I am going to make a different video after we do more training, the one I made has a lot of her puppy pictures in it and I just kinda made it for me to see how she has grown. I will have a video up in a week or so. and I will be looking for yours!


----------



## Michael D. Turner (May 6, 2007)

Thanks Steve. I can't wait until you get here. My buddy Joe caught Grim last week & he said he wasn't bitting as hard as he was the last time he caught him but, on Tuesday he was back at the intense grips. I can only say thanks to Justin for bringing the heat to him over the weekend. I also must say to Lacey, thanks for the video. She is awsome. If it was not for her I would never be able to see what my dog is doing from another angle. I can't wait to get him on the street.


----------



## Kim Gossmeyer (Feb 24, 2007)

Yeah Mike, your video did look good... well I should say Lacey the video looked good as always and Mike your dog looks nice. can't wait to see him in person... 

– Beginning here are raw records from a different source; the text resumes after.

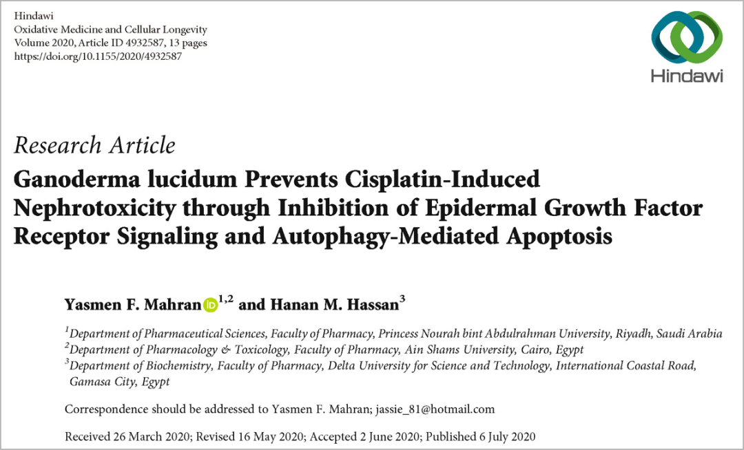 1. Yasmen F Mahran, et al. Ganoderma lucidum Prevents Cisplatin-Induced Nephrotoxicity through Inhibition of Epidermal Growth Factor Receptor Signaling and Autophagy-Mediated Apoptosis. Oxid Med Cell Longev. 2020. doi: 10.1155/2020/4932587.
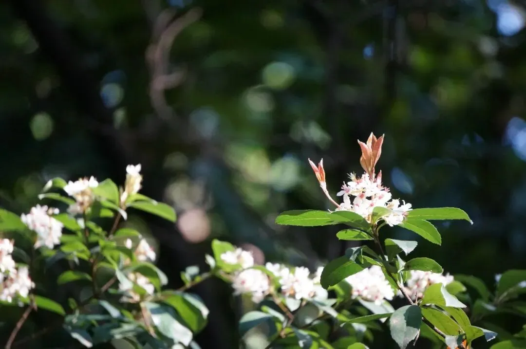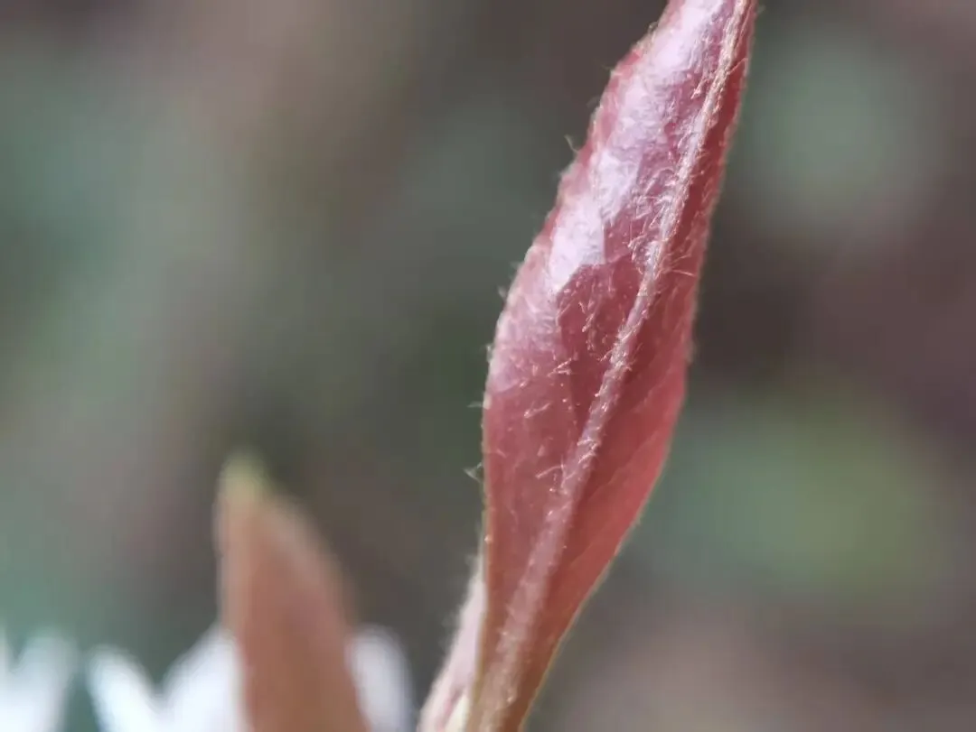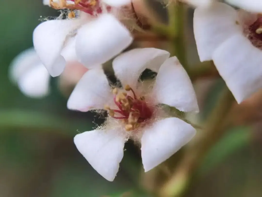 深圳的春天是短暂又急促的,总是匆匆又匆匆。深圳的春天又是热闹非凡的,春花们纷纷登台演出,其中最早上场一定是它——石斑木,故它也叫“春花”,好像它开了,就预示着新一年的春天到了。相比柳叶石斑木,石斑木更为常见,它频繁出现在我的小区、家旁边的绿化带里,山里更是随处可见。它不开花时,就是很平凡的绿植,春天开花时,小小的白花一点也不招摇,却成为我眼里的美花。新开的花,花心处是黄色的(雄蕊的花药是黄色的,花丝是白色的),这代表它够新鲜,吸引传粉昆虫来。开到尾声时,雄蕊的花丝变成红色了,花药里的花粉已经散尽了。以前常常有朋友会误解石斑木有两种花,其实不是,它只是用这种方式在告诉那些传粉昆虫,我已经“人老珠黄”了,请不要光顾我了。花瓣基部有长长的柔毛,不知这些柔毛对它有什么意义?花丝会变色,这一点在另一种乡土植物——木油桐身上也观察到。毛毛的花萼在花开时向后反折,花萼下还有褐色的苞片和小苞片。这些苞片和小苞片并不像植物志描述的那样早落。石斑木“生育”能力不错,结果不少,更可喜的是这些果可食,成为孩子们喜欢的野果,入口是甜甜的,但其实果核很大,所以没有什么吃头。但是由于是野果,所以格外受孩子们的喜欢,毕竟物以稀为贵。春天萌发的新叶是红色的,很娇嫩,也是一道美丽的风景。新长出来的嫩枝也都是毛,也能看到托叶。但老枝的毛和托叶都会褪去。老叶互生,革质,正面深绿色,背面粉绿色,有网状的叶脉。
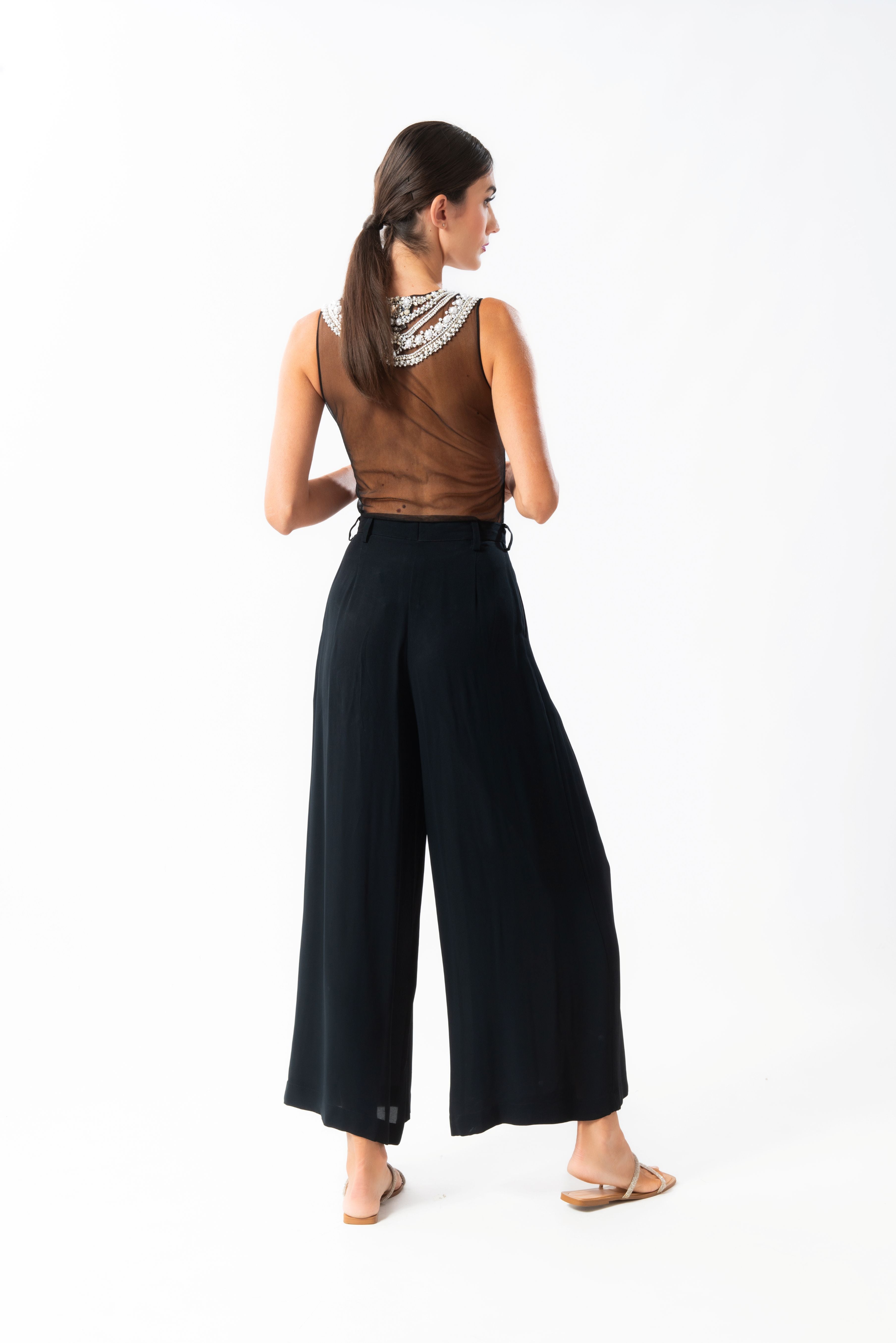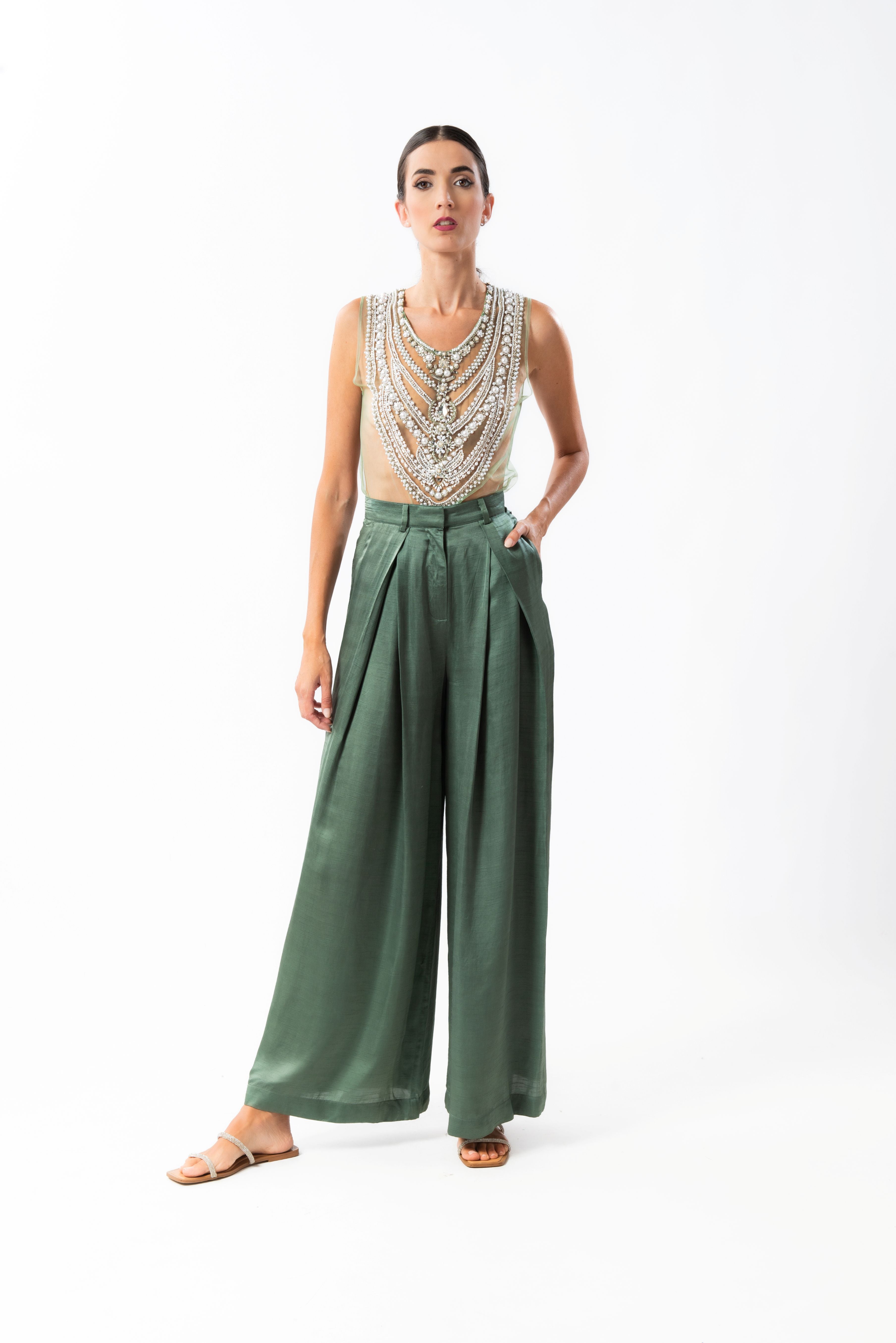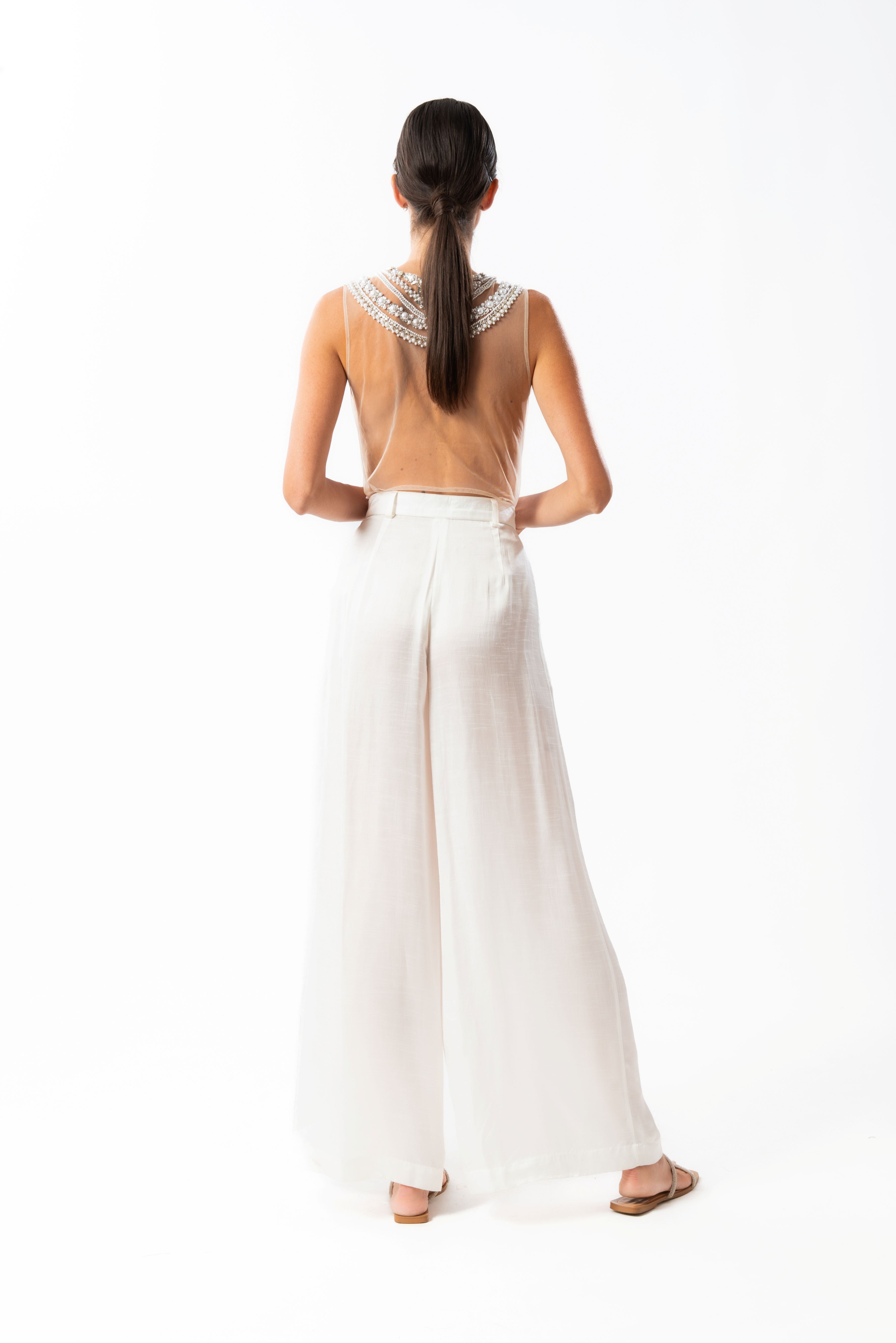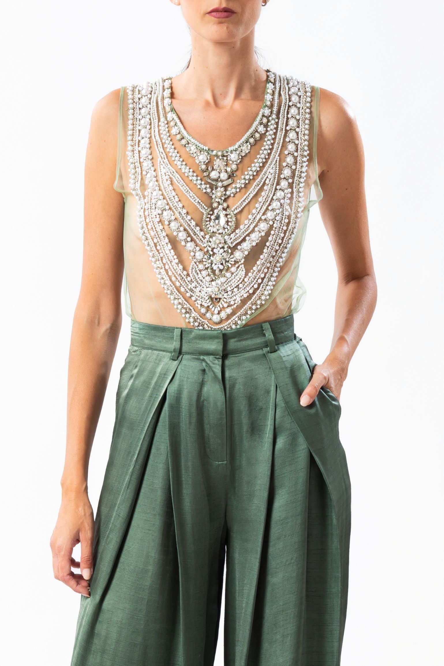 Un capo che incarna l'eleganza audace e la raffinatezza assoluta. Questo body è una vera opera d’arte sartoriale, pensato per chi desidera brillare con uno stile sofisticato e seducente. L’effetto vedo-non-vedo del tessuto trasparente si unisce a una cascata di ricami gioiello, dando vita a un look magnetico e senza tempo. La struttura smanicata con scollo profondo enfatizza il décolleté con un design avvolgente e bilanciato.

I am so excited to see Zane. Envy is ready to bite some other people!


----------



## Michael D. Turner (May 6, 2007)

Man if you think he's big try holding him back in bite work. LOL! I got him about three weeks ago from Tarheel K-9 in Sanford NC. He is what I had been looking for but, was not able to find until I went through two other dogs. That didn't work out as full service working dogs. I can't wait to get out of school and get him on the road. I feel sorry for the first person he gets a bite on (who am I kidding no I don't). LOL! Later and be safe.


----------